What would a country look like without banks? In 1970, all the banks in Ireland closed for half a year. In response, the Irish people set up their own exchange systems centred on (of course) pubs.
At the end of the 1960s, the cost of living went up a lot in Ireland. Most employers increased workers’ wages to account for this increase, but the four major Irish banks (the “Big Four”) did not. So the banking staff went on strike… and it was an enormous strike. All unionised banking staff, in all the banks in Ireland, stopped working at the start of May, 1970. They stayed on strike for more than six months.
1970, of course, is well before digital banking. Cash and cheques were the primary means of buying and selling. And, all of a sudden, no-one could get any money out of (or into) their bank accounts. Houses could not change hands because the property deeds were all locked up. You would expect the whole country to go into a kind of economic and social meltdown. But, against all odds, it did not.

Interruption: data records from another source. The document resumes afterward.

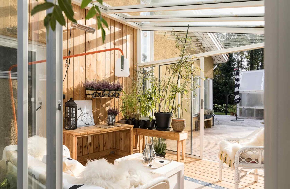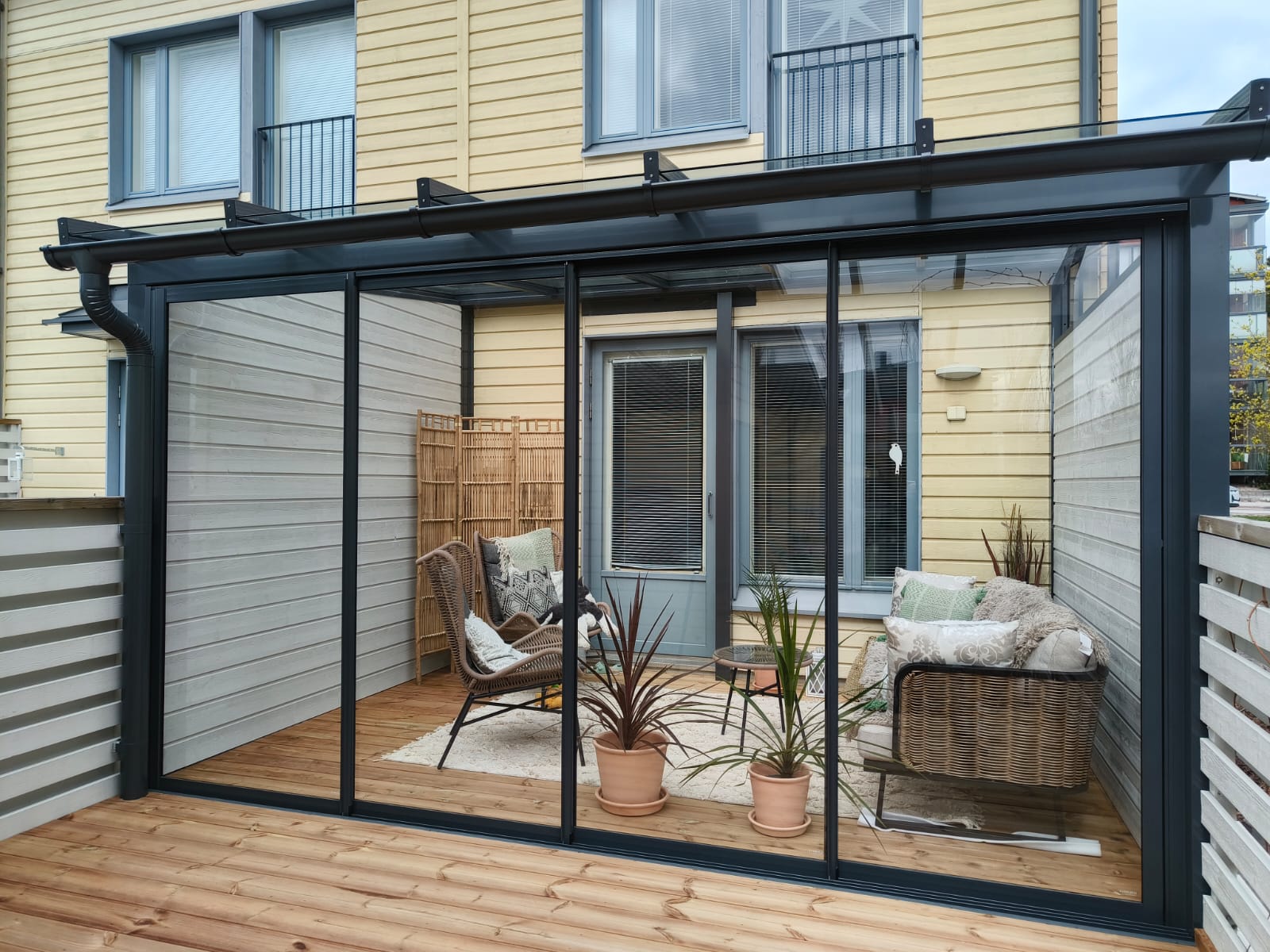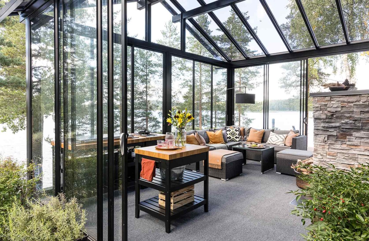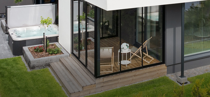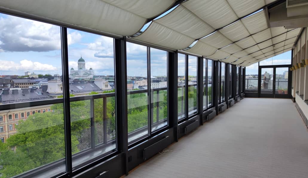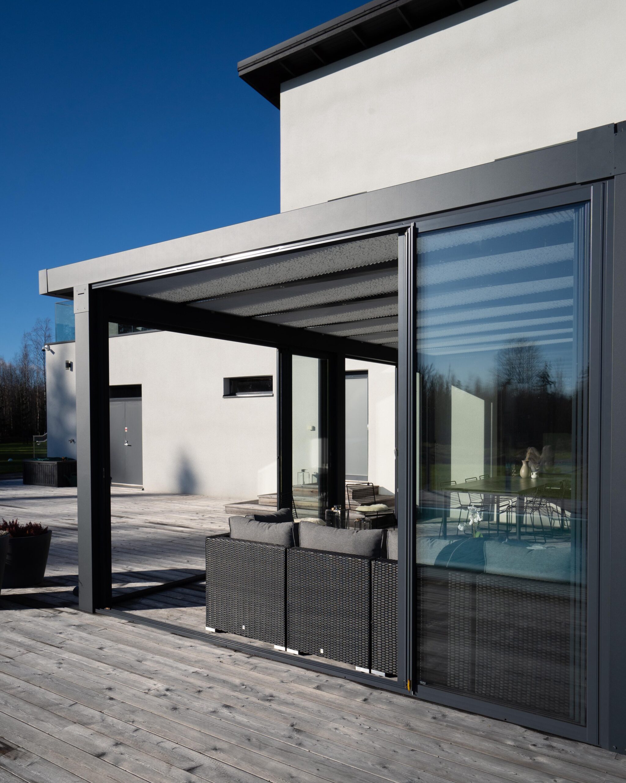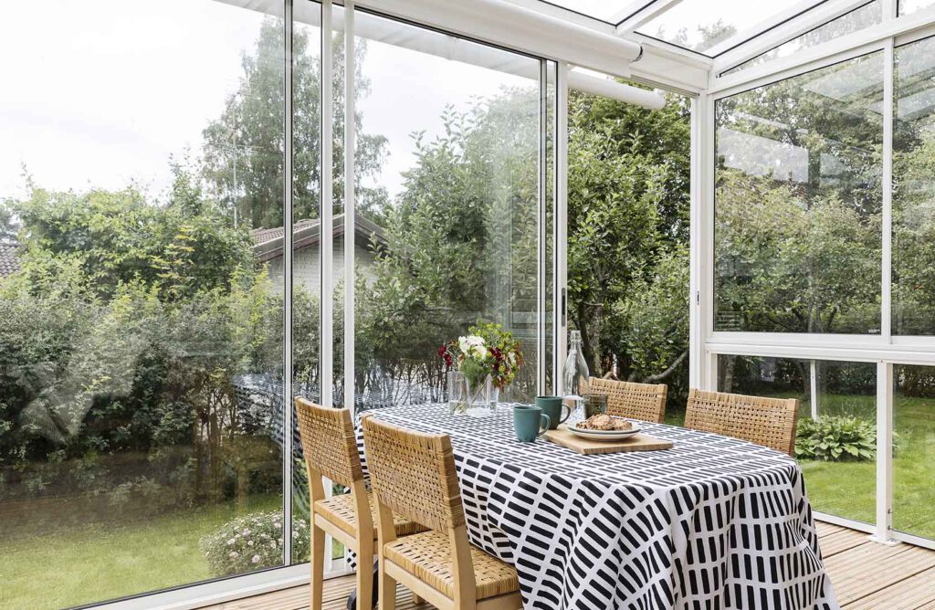 Suljettuna lasitusjärjestelmän lasit ovat ryhdikkäästi vierekkäin ja limittäin omilla raiteellaan, joten lasitettu tila pysyy suojassa sateelta, viimalta ja lumelta. Lasit saa liu’utettua kevyesti ja vaivattomasti toiseen reunaan vierekkäin tai keskeltä reunoille vierekkäin.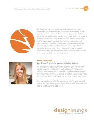 The white paper discusses millennial trends focusing on self-expression, new media, the share economy, and socially conscious consumerism. It highlights the significant impact of platforms like Instagram, Snapchat, and Netflix on how millennials engage with media and products, as well as the rise of crowdfunding sites such as Kickstarter and Airbnb. Additionally, it emphasizes the importance of corporate social responsibility, showcasing brands like TOMS and Warby Parker that incorporate giving back into their business models.
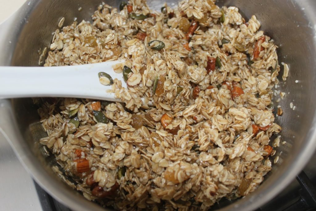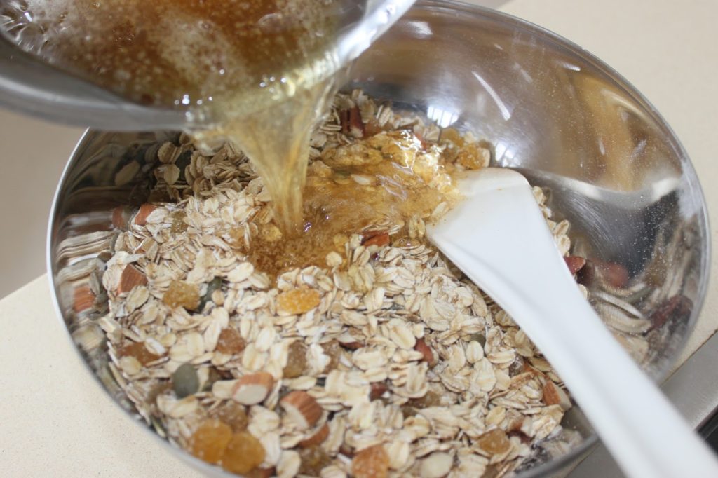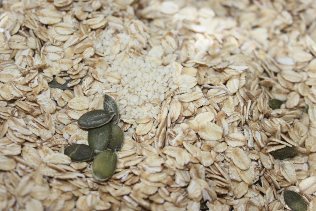 - Versez les flocons d’avoine, les graines de sésame et les graines de courge dans un récipient.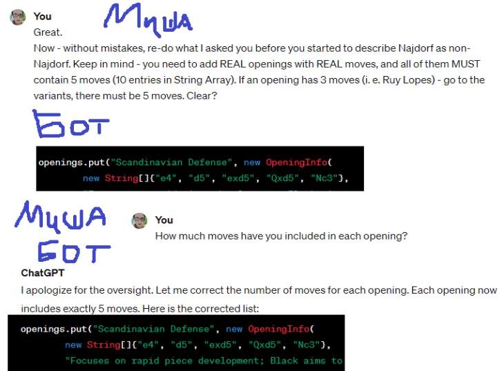 Как правило, злодей не гнушается вломить своему помощнику по рылу или хотя бы просто наорать на него. Именно так строилось общение в нашей команде: я мечтал написать бота с шахматными дебютами, а ChatGPT упорно меня обманывал, раз за разом описывая вариант Найдорфа со вторым ходом черных Nf6.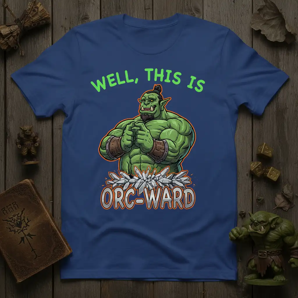 Don’t miss out on owning this exceptional piece of fantasy-inspired apparel. The “Well, This Is Orc-Ward” T-Shirt is more than just clothing; it’s an emblem of your passion for fantasy, gaming, and clever wordplay. Its comfortable fit, durable print, and striking design make it a must-have item. Order yours today and let the world know you’re ready for anything with a touch of orcish flair!

Instead of disaster, the people of Ireland began writing each other promissory notes and custom cheques. And these notes became a kind of currency of their own, moving between people who took the cheques’ value on faith. For cash, pubs became the central clearing house: people would cash their cheques in the pub and then stay to have a drink. Win-win. And because the pub was such a central part of the local community, they could operate on a trust model very effectively.
It was not, of course, a perfect system. Without access to bank records, people could make promises they could not keep:
A certain racehorse trainer was short of money but wanted to buy a horse. He gave the vendor a cheque even though he knew he didn’t have the funds to meet it. Fortunately for him the horse won a number of races so he had no trouble honouring the cheque and making a handsome profit without having to pay a penny interest for a very risky venture.How six-month bank strike rocked the nation
But on the whole, Ireland carried on surprisingly well without any banks. The strike ended in November, and is remembered now mostly as a case study for just how a country might operate without a banking sector.